To put that another way, you might not know at the time whether your function is going to be invoked from a high-throughput loop.
Is there a nice solution to this problem?
> Is there a nice solution to this problem?
There's two ways to do it from within the logging framework. The first way is that you can suppress duplicate messages with a filter, like the DuplicateMessageFilter . It wouldn't be that hard to add a filter that looked for the message template, and could suppress based on other properties on the LoggingEvent, such as the request ID or the overall similarity of the event.
The second thing you can do is add a budget for your logger, which will only allow it to log a certain period in a window. This is something you can do with budget evaluators .
Depending on the layer you put over SLF4J, you can also add conditional logging , which puts the logic at the application layer. Under this model, you'd have a counter or circuit breaker in the condition that would short-circuit the logging.
Meanwhile the general case is actually that actions are performed on a collection of things, although this is often not obvious due to OOP design. But when working with collections it becomes obvious that log messages should be aggregates over collections ("2 out of items failed, errors: ..."). This then creates magnitudes less of logging. It's just not mainstream now.
Many Java logging systems allow you to enable/disable logging per package, but this is still not enough for a per function decision.
Logging is a hard problem.
I have something for that. 
The fact that logging is at all intermixed with business logic I think is the main problem. I should be able to take a fully working logless program and apply different logging profiles to it.
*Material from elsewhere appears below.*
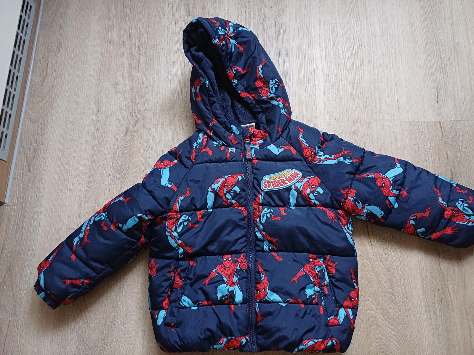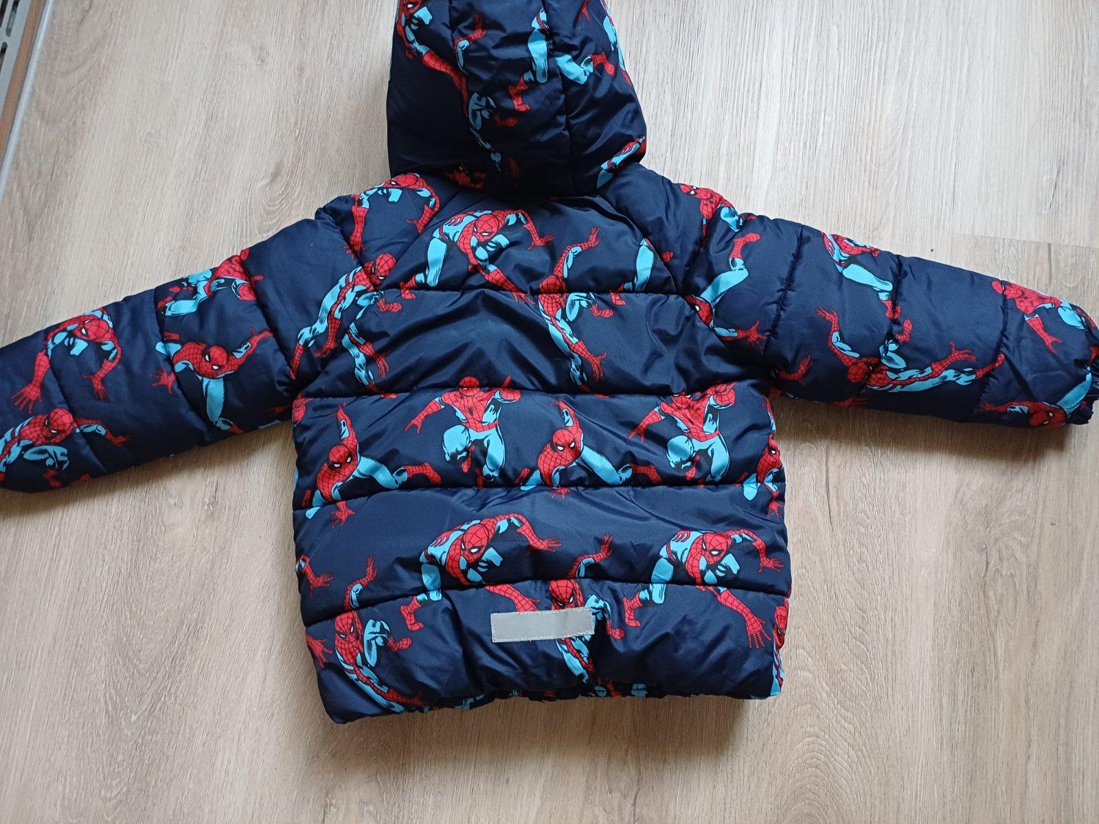 Zimní bunda,velikost 116, značka F&F (Spiderman), uvnitř flauš,kapuce napevno, teplá. Délka 46cm, šířka v podpaží 40cm, rukáv od krku 47cm.

What gets logged should be a function of the person invoking the program.
I've been fighting this fight for a decade now, and I'm pretty sure I've never won it for a whole team. The best I got was that people would pre-populate bug fix code reviews with reasons why they couldn't sensibly unit test this particular issue. If you have had better success, please tell me your secrets!
Hmm, any examples of this?
> Hmm, any examples of this?
Or you can use logstash-logback-encoder, which has masking:
Completely disagree there. I've had quite a pleasant experience with journalctl. It has sane arguments and you can easily grep any relevant log messages from the journal. You can add custom fields to your log messages. You can even get the logs in JSON format to parse log message from any scripts. And you can even use the cursor feature of journalctl to keep reading the logs at regular intervals without having to keep a constantly running process and tail the logs.
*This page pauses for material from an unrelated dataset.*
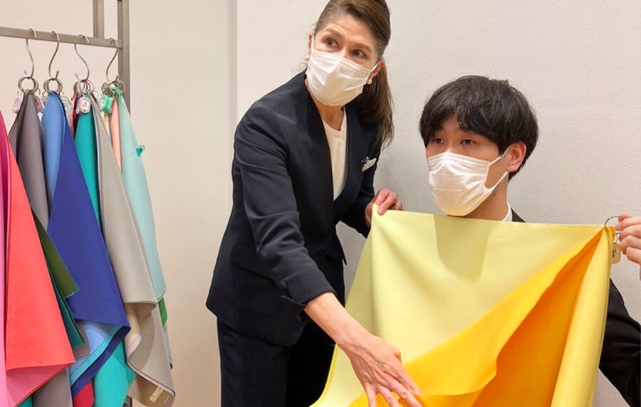 メンズビューティーコーナーでお買いあげのお客さまに、ファッションアテンダントがパーソナルカラー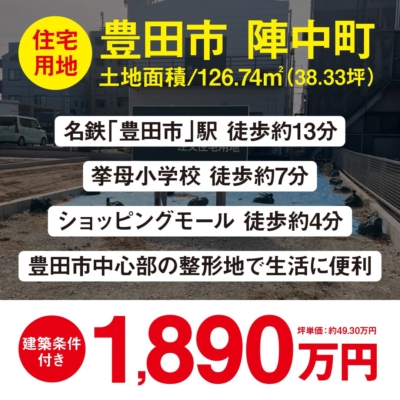 [no_toc] 物件情報 所在地 豊田市陣中町1丁目18番3(マップ) 名鉄三河線・豊田線 / 梅坪駅 徒歩9分 名鉄三河線・豊田線 / 豊田市・・・

I can understand people not liking systemd-journald on account of the binary logs, but I definitely don't understand calling journalctl the worst log viewing app.
Sadly $dayjob runs servers on linux and isn't going to merge the dtrace patches in there, and python's systemtap probes are… limited.
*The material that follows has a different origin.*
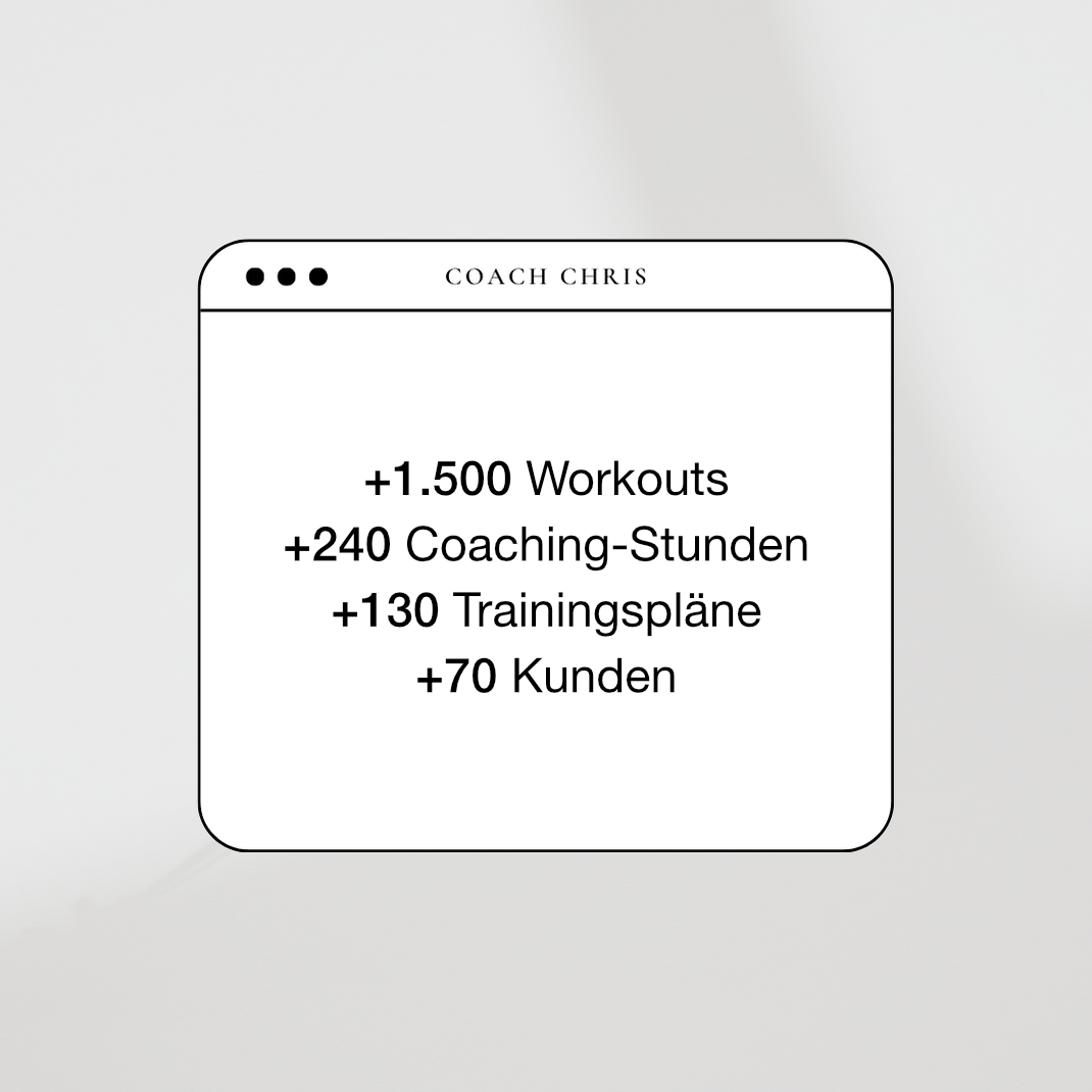 Chris kann mittlerweile auf +240 absolvierte Coachingstunden und +1.500 Workouts zurückblicken. Darüber hinaus war er zu Beginn als Fitnesstrainer bei Fitness First, einem der größten Fitnessunternehmen in Deutschland, aktiv und hat die Mitglieder bei Ihren persönlichen Trainingszielen begleitet.

Apparently bcc can hook into USDT probes though, I should look into that: https://ish-ar.io/python_ebpf_tracing/
If you want more advanced, then you can look at libstapsdt  which enables JVM applications to create USDT probes.
Regarding BPF, the book is a must have for anyone doing serious stuff with it.
If such hardware isn't being used, then yes, sanity should be questioned for supporting Uncle Larry's Linux.
Performance isn’t much of a problem though. Have different logging levels and only turn on a high level when you’re trying to nail down a particular STR.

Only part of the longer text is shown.